Coding for two audiences: humans and computers
Software code is written to be read by both computers and humans. Machines understand the computational meaning quickly and perfectly, while humans read it the same way natural language does: not as quickly and sometimes incorrectly. With a new three-year contract worth $1.2 million NSF-funded projecta group of software engineers and social scientists at UC Davis, will leverage this bimodality to create tools that make code easier to write, read, and maintain, and improve the overall programming experience.
The project is led by a respected computer science professor Prem Devanbuhis colleagues Cindy Rubio Gonzalez and Aditya Thakur and its cross-campus staff Gerardo Con Diaz from the Institute for Science and Technology Studies and Emily Morgan from the Institute of Linguistics.
“When you write a program, it has two audiences,” Devanbu explained. “Code is meant for human use and for computer use, and the fact that humans choose to write code in a way that is easy for humans to read reflects this bimodality.”

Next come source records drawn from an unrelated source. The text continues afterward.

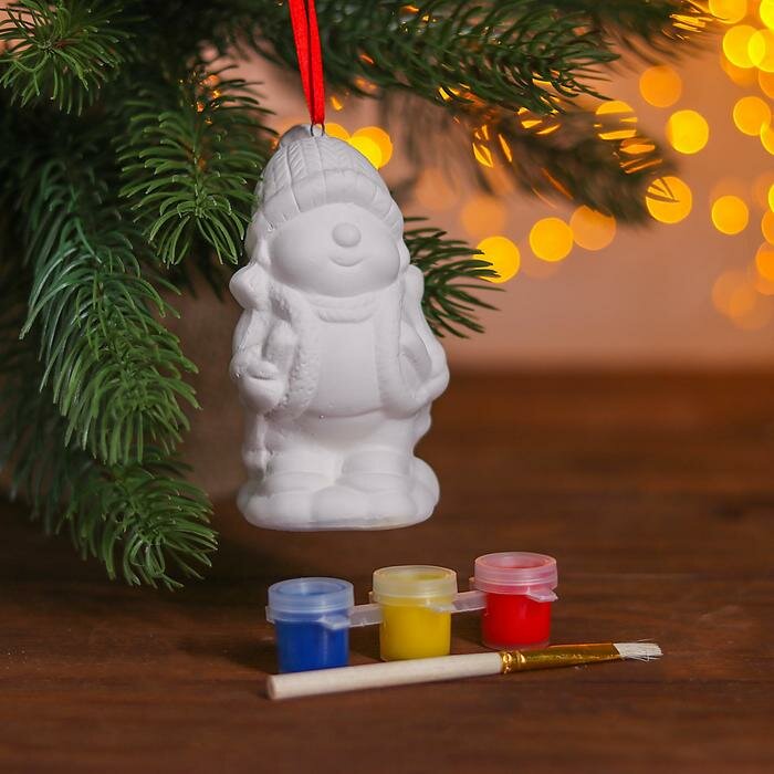 10 цен на Школа талантов Ёлочное украшение под раскраску "Милый снеговик" с подвесом, краска 3 цв. по 2 мл, кисть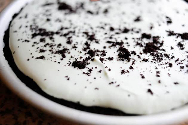 بعد ذلك زينى الفطيرة بفتات الأوريو أو بالشيكولاته المبشورة ثم
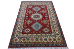 Hand-Knotted Afghani Kazak Wool Rug – 4’10″ x 6’6″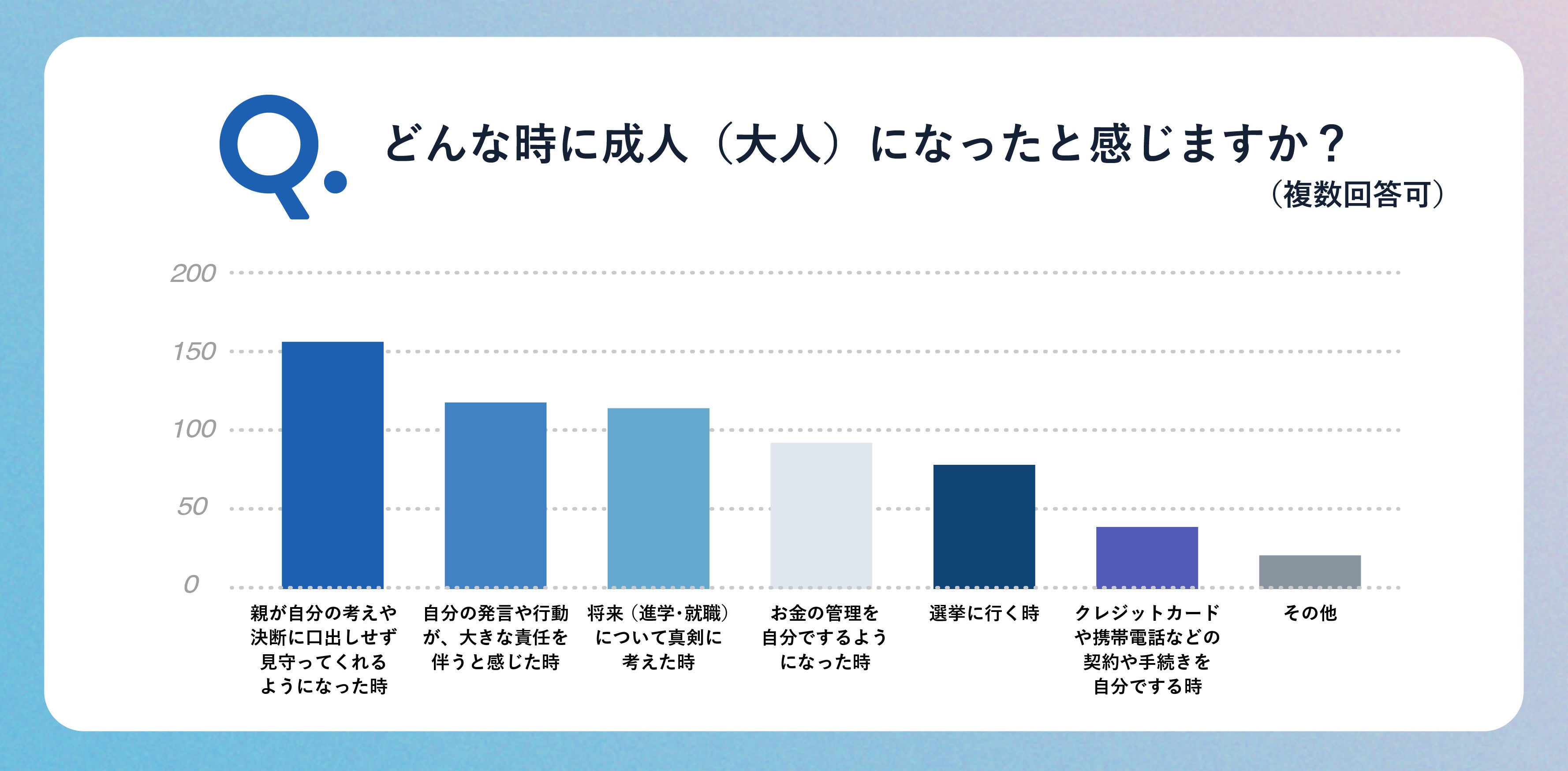 自身の将来(進学・就職)について真剣に考える場面や、選挙に行くといった、責任や権利を担う場面で、成人になることを実感するという声が多く集まりました。

Because code has a human audience, there are millions and millions of lines of code that are freely available on the internet for the team to use. With this wealth of data from different types of programs and programmers of all skill levels, they can train algorithms to enhance the human experience of programming.
writing for people
Making code easy for humans to read is a crucial part of programming. People write, edit, review, and maintain code, and the best way to spot potentially catastrophic errors is through code review, a proofreading-like process in which a second person reads the code and explains what it’s doing. The team plans to train an algorithm that can rewrite code to make it easier to read without changing its computational meaning.

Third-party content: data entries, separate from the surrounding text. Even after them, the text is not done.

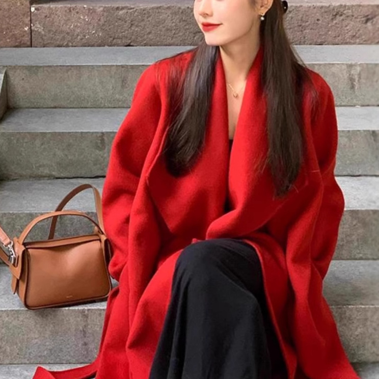 婚庆双面呢羊绒大衣女2025冬季级感圣诞红色中长款羊毛呢外套女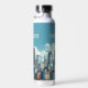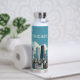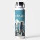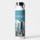 Chicago water bottle featuring the landscape and skyline of Chicago, Illinois. Modern design. Custom text. Change the text on the water bottle or leave as is. Use the template to create your own Chicago skyline water bottle.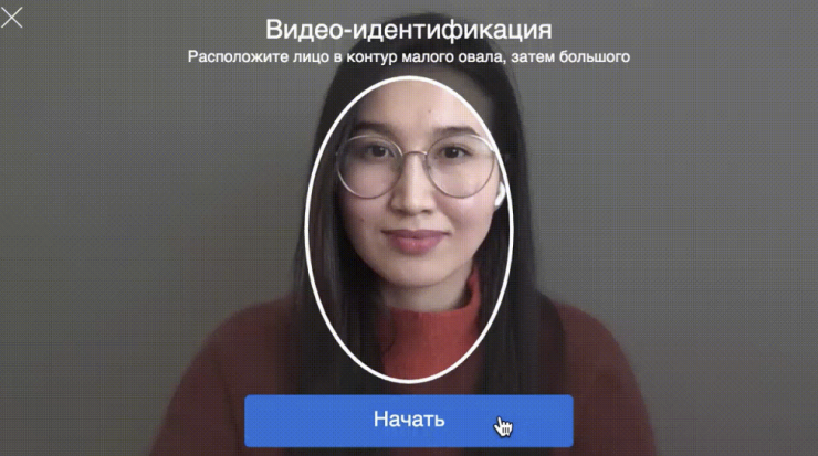 После добавления селфи нажмите кнопку "Продолжить" для прохождения видеоидентификации. Вам необходимо будет выполнить ряд рекомендаций по расположению и движению лица.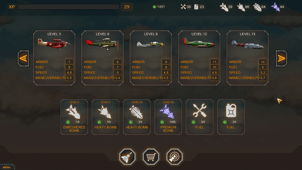 The game has a simple mechanism but requires good orientation skills to attack and avoid dangerous attacks. Not only anti-aircraft weapons but enemy planes will constantly approach you. Therefore, the rate of running out of HP and being destroyed is often very high, but everything becomes a piece of cake when the player is too familiar with the control. The plane’s stats are also improved when more advanced weapons are added to cause great damage. Its parts will also be refreshed through stat upgrades and become an airborne threat to many different areas.
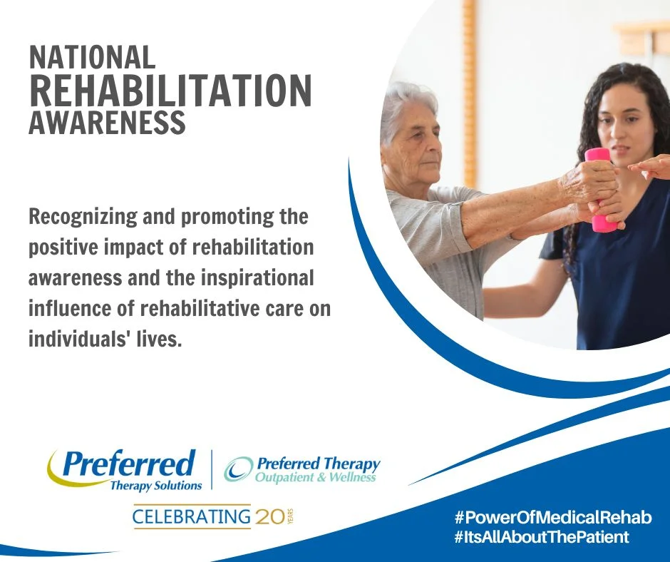 During the third week of September, the American Medical Rehabilitation Providers Association (AMRPA) celebrates National Rehabilitation Awareness Week, with this year's theme addressing #PowerOfMedicalRehab. Preferred Therapy Solutions is proud to raise awareness of the benefits of rehabilitation. We continue to express our deep gratitude to therapists everywhere for their continuous dedication and unwavering commitment to helping individuals on their journey to recovery and their improved quality of life. #ItsAllAboutThePatient
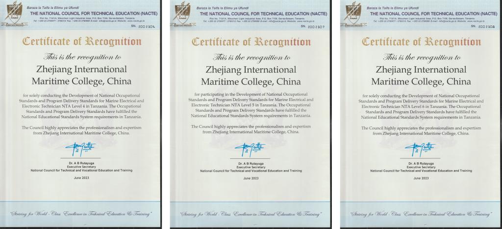 2023年6月,由我校主持、参与的坦桑尼亚职业标准和配套专业教学标准轮机工程技术员4级、轮机工程技术员6级、船舶电子电气技术员4级、船舶电子电气技术员5级、船舶电子电气员6级、石油化工产品技术员4级等6个项目获得坦桑尼亚国家教育委员会认证,正式纳入坦桑尼亚国家职业教育体系。
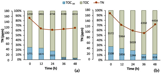 To further assess the process, supplementary data are illustrated in Figure 6 regarding the TOC and TN measurements. It is obvious that a sufficient amount of nitNrogen, higher than 100 ppm, was present in both cases. A significant amount of TOC was removed in both cases, as well. In particular, the total TOC concentration minus the concentration of LA corresponds to the TOC concentration of the impurities (TOCIM) in the biological feedstock. TOCIM reduced from 1771 ppm to 161 ppm within 48 h in Batch 1 and from 2108 ppm to 616 ppm in Batch 2 in same time period. The recorded data are very encouraging for a further investigation and development of the LA bio-purification process in an MBR system.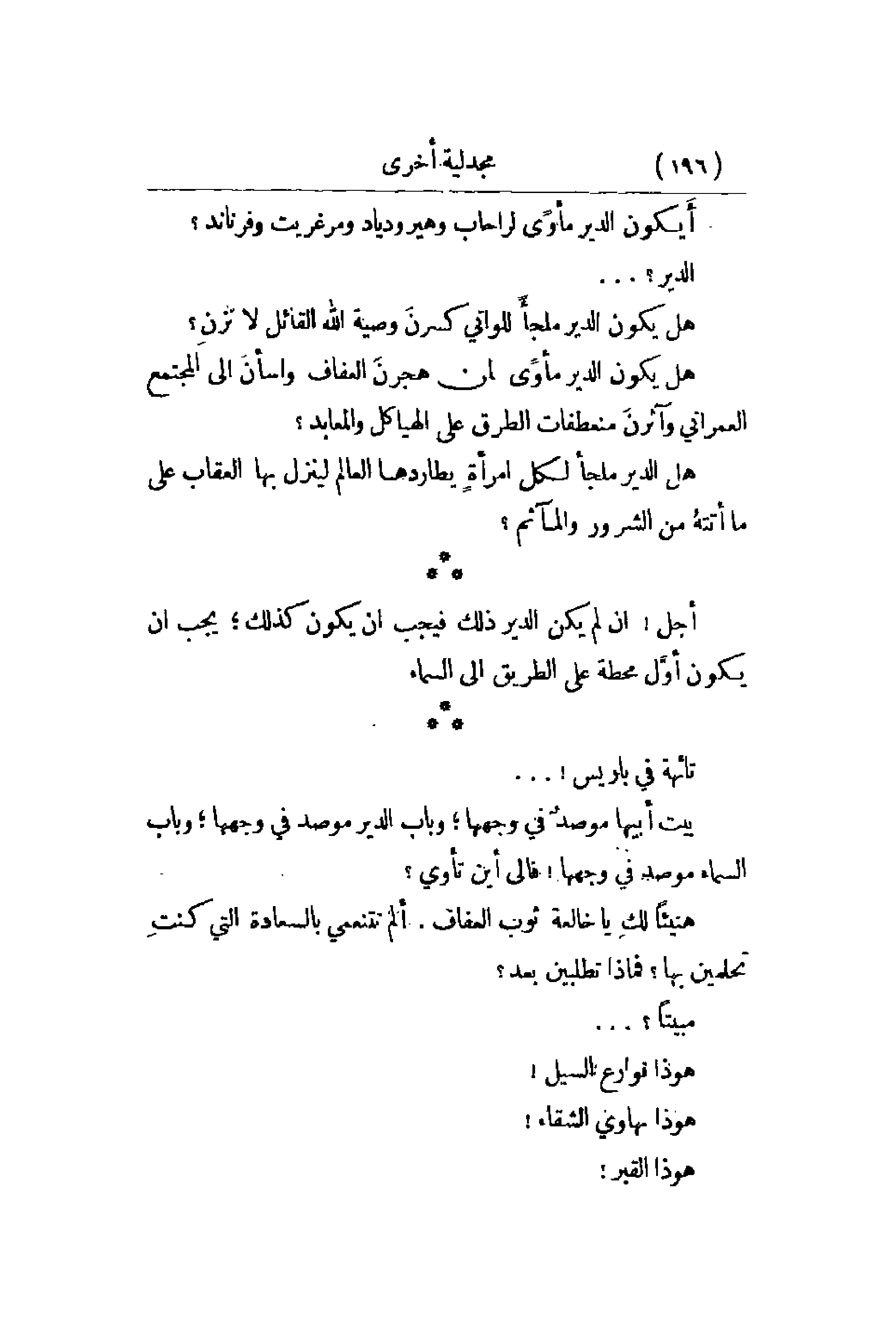 هل يكون الدير مأوًى لمن هجرنَ العفاف وأسأنَ إلى المجتمع العمراني وآثرنَ منعطفات الطرق على الهياكل والمعابد؟

The initial studies, led by Morgan, showed that these small changes – the equivalent of changing from “pepper and salt” to “salt and pepper” – can make a big difference. Your goal is to train an algorithm that knows this and can read through code to give it a readability score. The higher the score, the harder it is to read. The program can then rewrite the code until the readability score drops as low as possible. Improving readability helps programmers and code reviewers analyze the software and easily find and fix potential bugs.
“Because these programs have well-defined meanings, we can change the code without affecting the meaning,” Devanbu said. “If I can change my program so that the meaning doesn’t change but it’s a lot easier to read, then code review becomes a lot easier.”

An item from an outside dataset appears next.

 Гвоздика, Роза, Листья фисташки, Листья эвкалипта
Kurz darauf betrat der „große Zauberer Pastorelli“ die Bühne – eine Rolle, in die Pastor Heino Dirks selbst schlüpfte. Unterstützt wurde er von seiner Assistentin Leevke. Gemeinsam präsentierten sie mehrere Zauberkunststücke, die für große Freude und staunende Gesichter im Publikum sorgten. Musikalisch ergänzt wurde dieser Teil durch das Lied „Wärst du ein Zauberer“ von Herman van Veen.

Learning through bimodality
The team also plans to use the data to improve programming for beginners. Beginners can be discouraged when their program keeps crashing, but often the problem is a minor error like a typo or missing parenthesis instead of larger systematic problems. According to Devanbu, if the team can train an algorithm that recognizes enough different programs, syntaxes, and operations, it can function like a spell checker that can detect spelling and grammatical errors in code. This would encourage beginners and focus on learning how to code instead of finding those bugs.
“The machine learning models are clever. So if you convert Celsius to Fahrenheit, for example, the model would have seen that formula many times to remember it,” he explained. “If you’re using variable names that look like they’re temperature variable names, then it knows that’s probably what you intended, and it could fix that.”
Bimodal thinking about code forces programmers to think about both the software they are writing and the human context in which it is being developed. Devanbu believes this is a crucial part of the computer science curriculum, so for the final part of the project he will be working with Díaz to develop a new curriculum that will teach students programming and ethics at the same time from the start of their college careers.
“Coding is a deeply human experience, even if we don’t always think of it that way,” he said. “When you learn to write in a natural language, you are taught to write in the context of a human experience, such as war or romance, and asked to think about how that affects the way you write. Code shouldn’t be taught any other way.”